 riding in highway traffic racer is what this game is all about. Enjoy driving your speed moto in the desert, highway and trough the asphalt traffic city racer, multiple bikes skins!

...

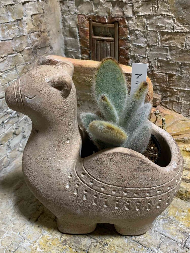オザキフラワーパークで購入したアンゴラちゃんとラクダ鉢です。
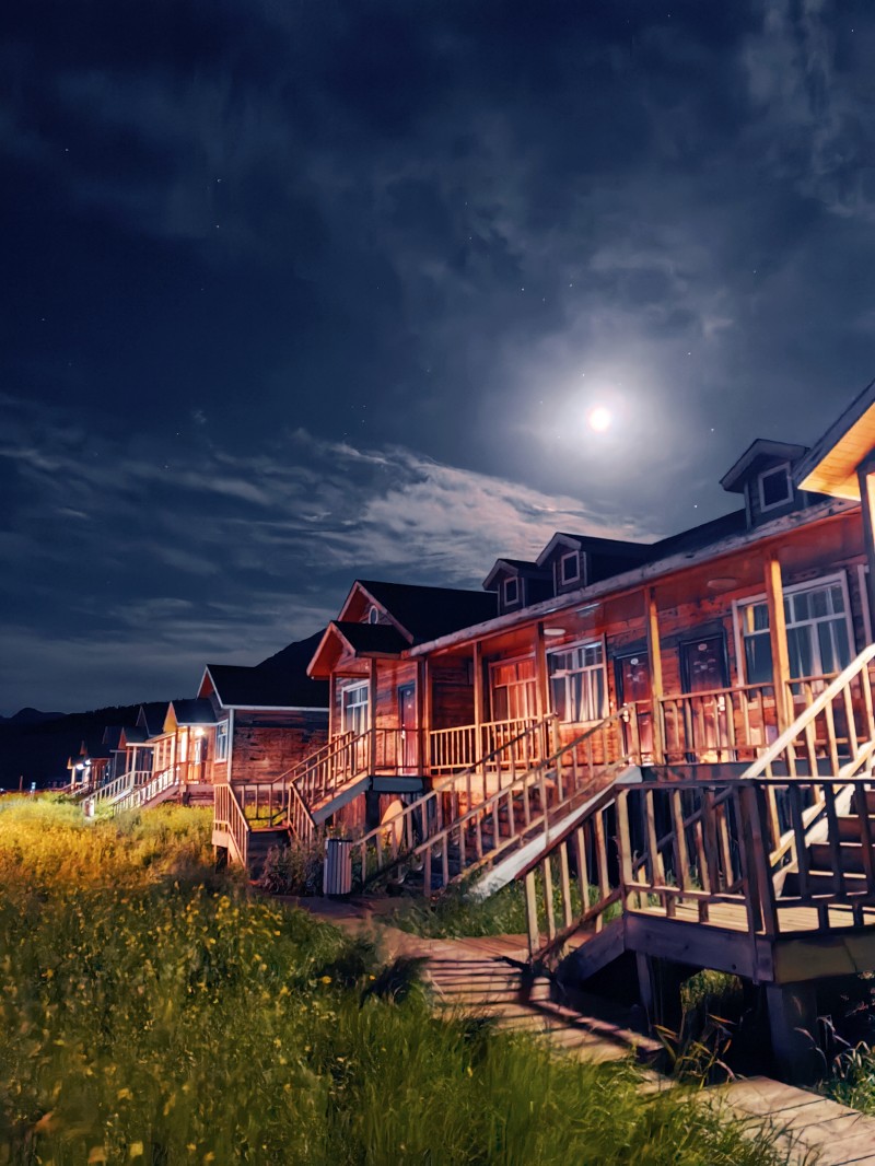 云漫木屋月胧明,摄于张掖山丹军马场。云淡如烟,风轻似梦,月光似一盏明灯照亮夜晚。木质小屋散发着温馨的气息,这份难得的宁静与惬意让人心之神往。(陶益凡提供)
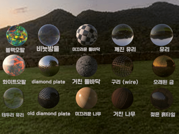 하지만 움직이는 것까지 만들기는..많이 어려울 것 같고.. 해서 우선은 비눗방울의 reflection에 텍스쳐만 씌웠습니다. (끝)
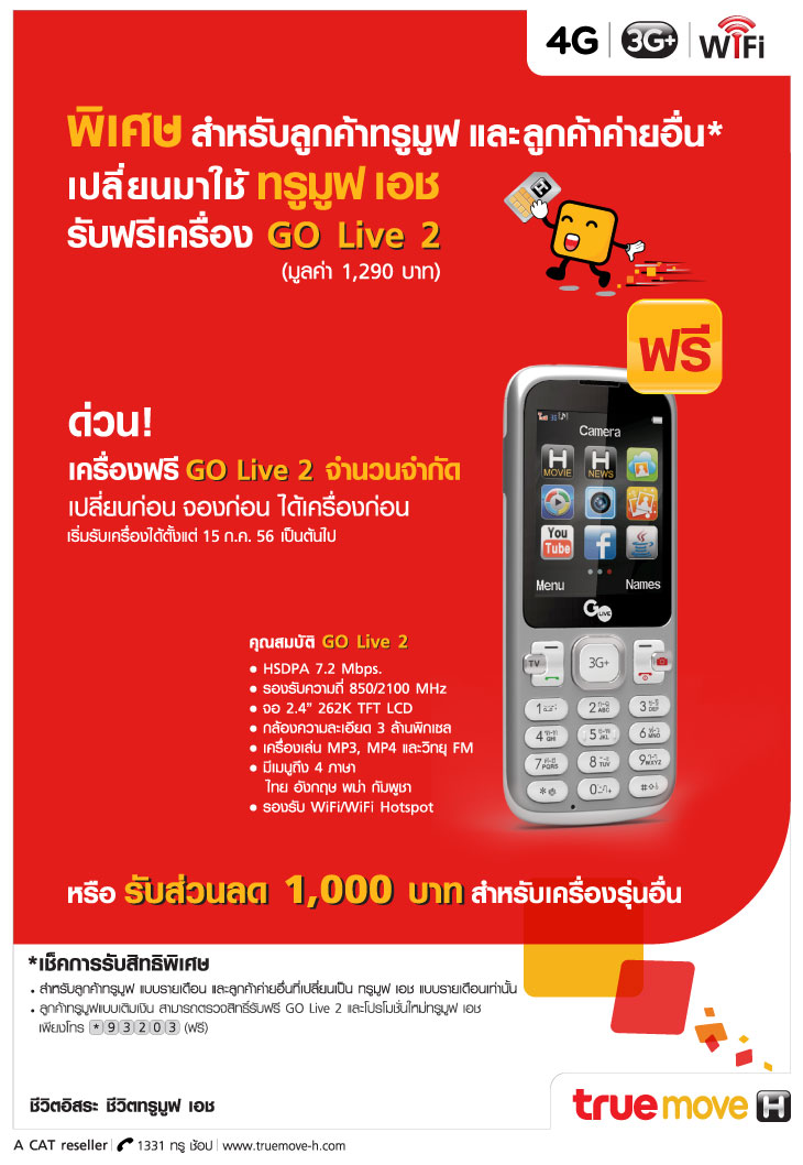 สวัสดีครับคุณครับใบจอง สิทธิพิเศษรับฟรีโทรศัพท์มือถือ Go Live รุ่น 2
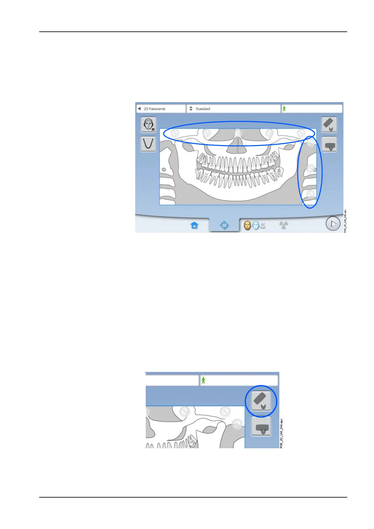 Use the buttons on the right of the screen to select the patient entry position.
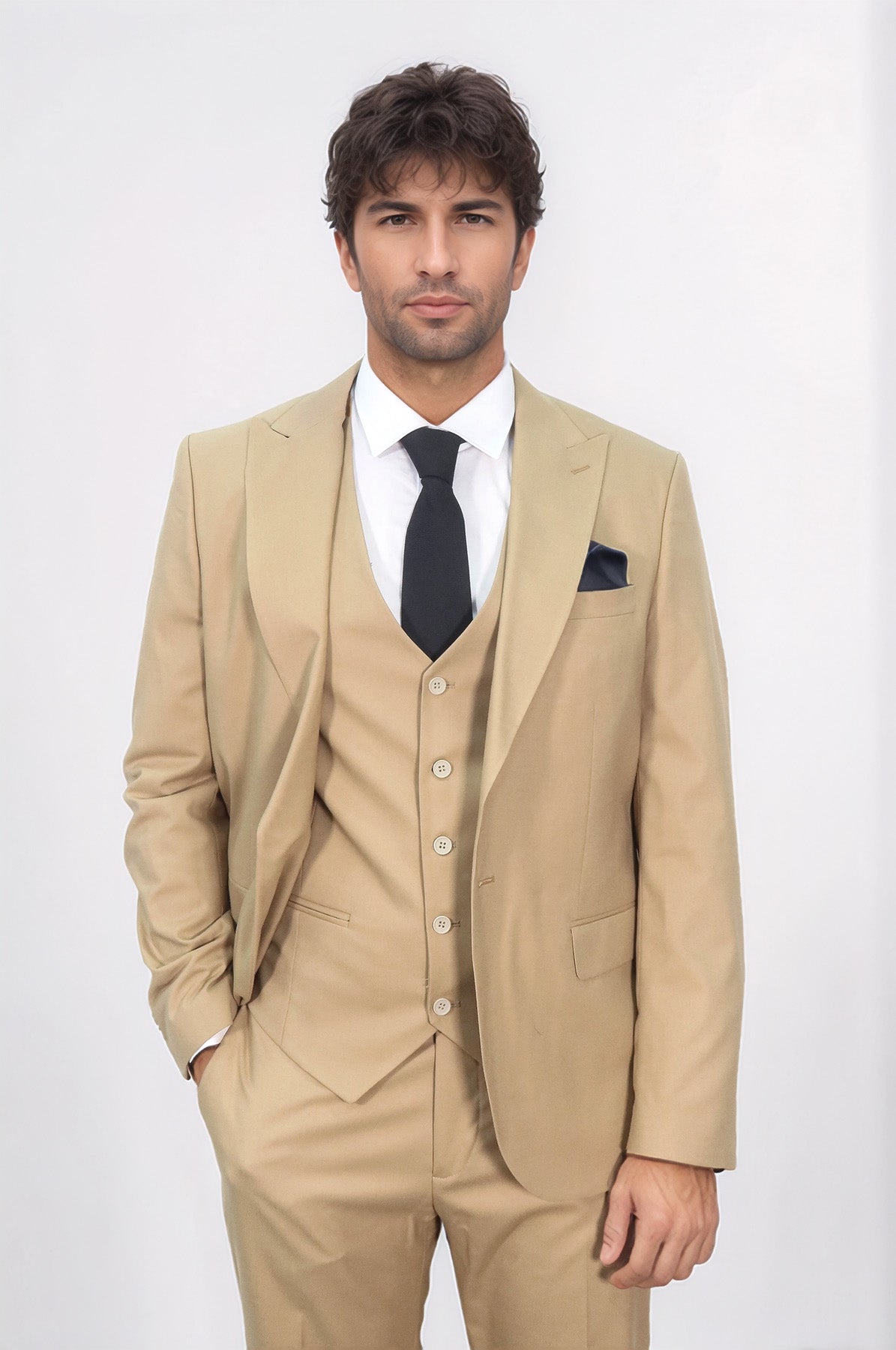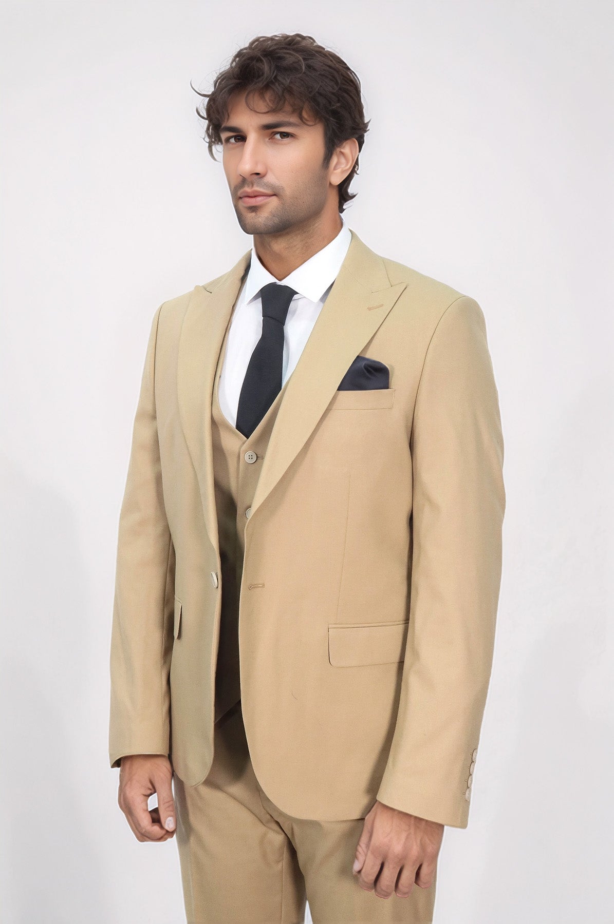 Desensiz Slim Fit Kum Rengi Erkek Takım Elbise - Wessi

---

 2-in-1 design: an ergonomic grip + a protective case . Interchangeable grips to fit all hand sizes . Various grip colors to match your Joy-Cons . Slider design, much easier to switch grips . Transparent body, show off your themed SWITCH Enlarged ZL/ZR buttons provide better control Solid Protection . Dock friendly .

WHAT YOU HAVE TO DO:
You are asked to count the lines of the records above in which the word "your" occurs, and to give only that number.

RESULT OF THIS TASK:
2